◆ **Record extracts**
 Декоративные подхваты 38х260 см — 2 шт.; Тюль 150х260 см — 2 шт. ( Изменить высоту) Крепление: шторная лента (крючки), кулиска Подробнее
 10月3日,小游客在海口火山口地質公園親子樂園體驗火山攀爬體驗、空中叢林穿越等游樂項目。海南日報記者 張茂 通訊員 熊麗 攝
--
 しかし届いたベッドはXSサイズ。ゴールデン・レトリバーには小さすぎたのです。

◆ **The task**
All that is wanted is the stretch of lines above from the one containing "Декоративные подхваты 38х260" through the one containing "10月3日,小游客在海口火山口地質公園親子樂園體驗火山攀爬體驗、空中叢林穿越等游樂項目。海南日報記者 張茂 通訊員", duplicated exactly.

◆ **Written answer**
 Декоративные подхваты 38х260 см — 2 шт.; Тюль 150х260 см — 2 шт. ( Изменить высоту) Крепление: шторная лента (крючки), кулиска Подробнее
 10月3日,小游客在海口火山口地質公園親子樂園體驗火山攀爬體驗、空中叢林穿越等游樂項目。海南日報記者 張茂 通訊員 熊麗 攝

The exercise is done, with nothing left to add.